Hatice:İbrahim Tatlıses gibi mi?
Yasemin Öğretmen:Ay,çok hoşsun Hatice Hanım.Lütfen,biraz daha ciddi olalım.
Yasemin Öğretmen:A’dan başlayalım.Bu Ali’nin A’sı
Hatice:Bu da Veli’nin B’si değil mi?
Yasemin Öğretmen:Hatice,hani ciddi olacaktık?
Hatice:Benim ikizlerin ismi Ali ile Veli,o yüzden öyle heyecan yaptım.
Yasemin Öğretmen:Allah bağışlasın.Devam edelim.Banu’nun B’si.
Hatice:Banu’nun B’si.
Yasemin Öğretmen:Ceylan’ın C’si.
Hatice:Ceylan’ın C’si.
Yasemin Öğretmen:Çiçeğ’in Ç’si.
Hatice: Çiçeğ’in Ç’si.
Yasemin Öğretmen:Çok güzel.Derya’nın D’si.
Hatice:Derya’nın D’si.
Yasemin Öğretmen:Çok iyi gidiyorsun Hatice.Bu da Ercan’ın E’si.
Hatice:Yok,ben onu söyleyemem!Elin adamının ismini ne diye tekrar edeyim papağan gibi.Bizim herif bir duyarsa kırıverir kemiklerimi.Biz bunu Elif yapalım.
Yasemin Hanım:Peki,Elif’in E’si olsun.
Hatice:Ha,şimdi oldu.Elif’in E’si.
(Pınar Hanım salona girer.)
Pınar Hanım:Nasıl gidiyor bakalım?
Yasemin Öğretmen:Hatice Hanım çok çabuk kavrıyor.Bir de arada ciddiyetini bozmasa.
Pınar Hanım:Hatice ve ciddiyet,ikisi bir arada biraz zor.Yasemin,benim bir fikrim var.Ben bugün evde çok sıkıldım.İstersen birlikte yürüyüşe çıkalım.
Yasemin Öğretmen:Güzel bir fikir de.Hatice Hanım ne olacak ?
Hatice:Hanımım ne güzel gidiyordu.Ben şimdi hepsini unutuveririm.

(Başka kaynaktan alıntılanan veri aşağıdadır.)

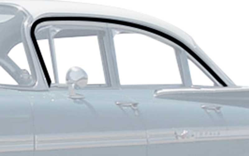 Quality reproduction of the original roof rail weatherstripping designed for 1959-60 Impala and Full size GM models. This quality reproduction seals the area between the roof rail and the door glass eliminating water and other elements from entering the passenger or interior area. Comes complete with correctly located pins that will fit the holes on the vehicle for installation. Includes RH and LH roof rail weatherstrips.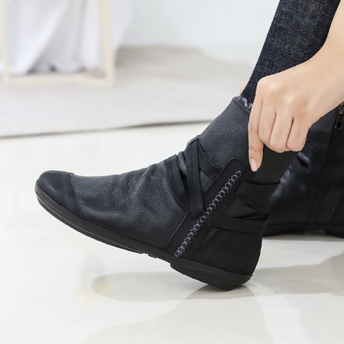 지쎄수제화 천연양가죽 퍼안감 솔리움 숏부츠 2cm
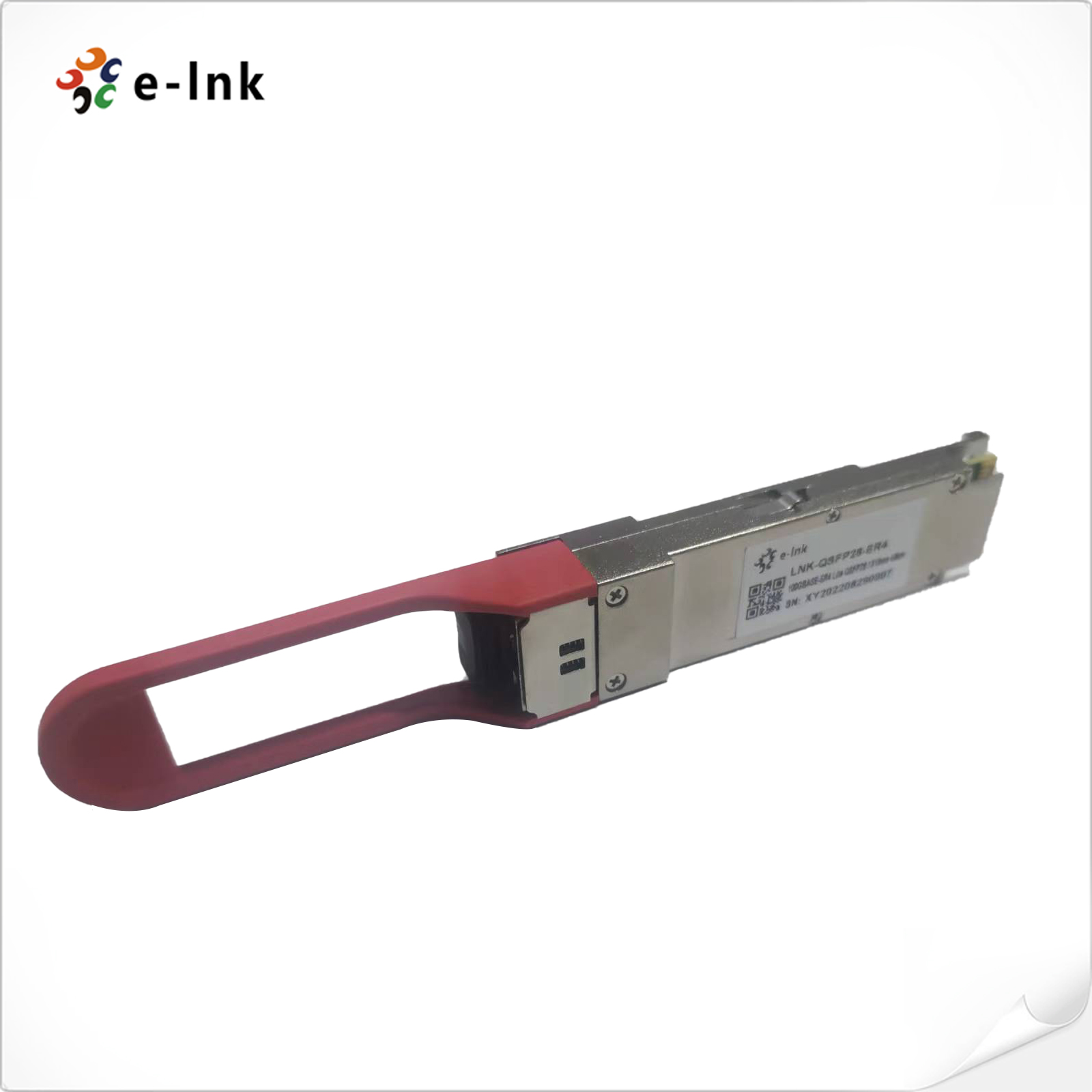 The LNK-QSFP28-ER4 is a transceiver module designed for 40kmwith FEC (30km without FEC)optical communication applications. The design is compliant to 100GbASE-ER4 of the IEEE 802.3-2012 Clause 88 standard IEEE 802.3bm CAUI-4 chip to module electrical standard ITU-T G.959.1-2012-02 standard. The module converts 4 inputs channels (ch) of 25.78 Gbps to electricaldata to 4 lanes optical signals, and multiplexes them into a single channel for 100Gb/s optical transmission. Reversely, on the receiver side, the module optically de-multiplexes a 100Gb/s input into 4 lanes signals, and converts them to 4 lanes output electrical data.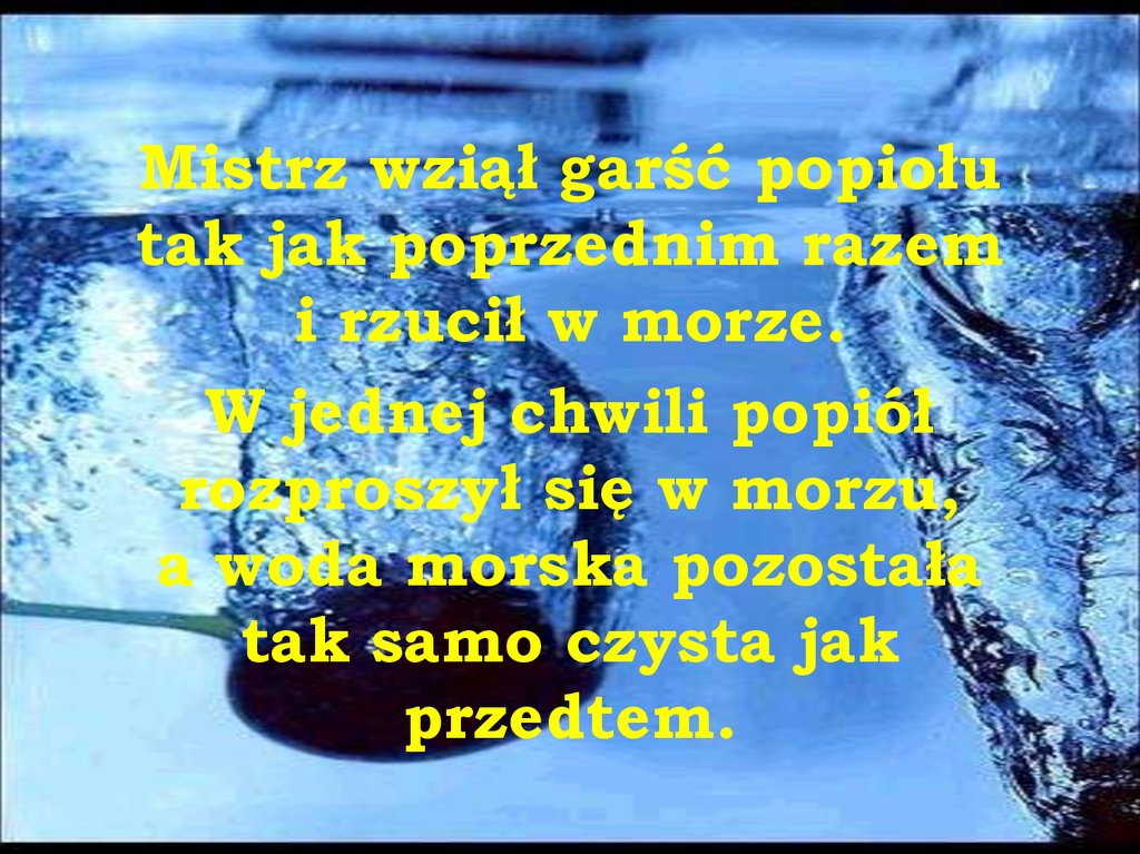 Mistrz wziął garść popiołui wrzucił do szklanki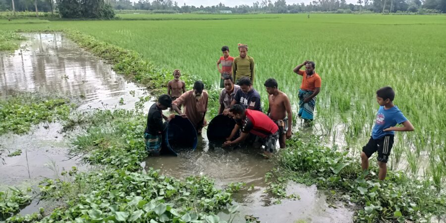 বগুড়ার শিবগঞ্জে ঈদমাঠের জায়গা দখলমুক্ত করে পোনা মাছ অবমুক্ত

Pınar Hanım:Ne olacak canım,yarın tekrar ediverirsiniz.
Yasemin Öğretmen:Sen merak etme Hatice Hanım,yarın telafi ederiz.
Hatice:Tamam,siz nasıl isterseniz.
Yasemin Öğretmen:O zaman ben yukarıya çıkıp eşofmanlarımı giyeyim.
Pınar Hanım:Boş ver,çarşıdan alıveririz şimdi.Çıkalım bir an önce.
Yasemin Hanım:Tamam sen bilirsin.Almayı düşünüyordum zaten.
Pınar Hanım:Hatice,biz çıkıyoruz.Eğer acil bir durum olursa cepten ararsın.Hadi,görüşmek üzere.
Hatice:Tamam hanımım.Yolcu edeyim sizi.Güle güle yine bekleriz.
(Onlar gittikten sonra Hatice,televizyonu açar,koltukta bir sağa sola yatar.)
Hatice:Oh be!Şöyle rahat bir nefes alayım.Bakalım televizyonda hangi dizi var?Ha buldum! “Çantamdan Şöhret Çıktı” başlamış.Şu maymun da ünlü olamadı gitti.Ay!Ben bomba haberi Esra Hanıma vermeyi unuttum.Ne hanımı canım.Hanım diye diye ağzımız alıştı.
Hemen arayayım.(birkaç yanlış numarayı çevirir)Esracığım siz misiniz?Yanlış oldu,özür dilerim.Ama bomba haberi size de vereyim.Yüzüme kapattı.Kendi bilir.(İkinci arayışında tutturur.)Esracığım siz misiniz?Kız Esra ne yapıyorsun?Pınar Hanım çıktı.Bize gelsene.Sana bomba gibi bir haberim var.Hadi bekliyorum çabuk ol.Sonra yaparsın yemeği.Görüşürüz.(O gelene kadar çekirdek çıtlatır.)
Hatice:Gel bakalım.
Esra:Neymiş bakalım bomba haber?
Hatice:Anlatıyorum,iyi dinle!Hani,şu bizim arka sokaktaki simitçi İbrahim var ya.
Esra:Hangi İbrahim?
Hatice Hanım:Hani şu Yanık İbo canım.
Esra:Eeee.Ne olmuş ona?Kaçak simit mi satıyormuş yoksa?
Hatice:Ne simidi canım.Konservemi bozdun şimdi.
Esra:Konserveyi daha yeni kurmadık mı,hangi ara bozuldu?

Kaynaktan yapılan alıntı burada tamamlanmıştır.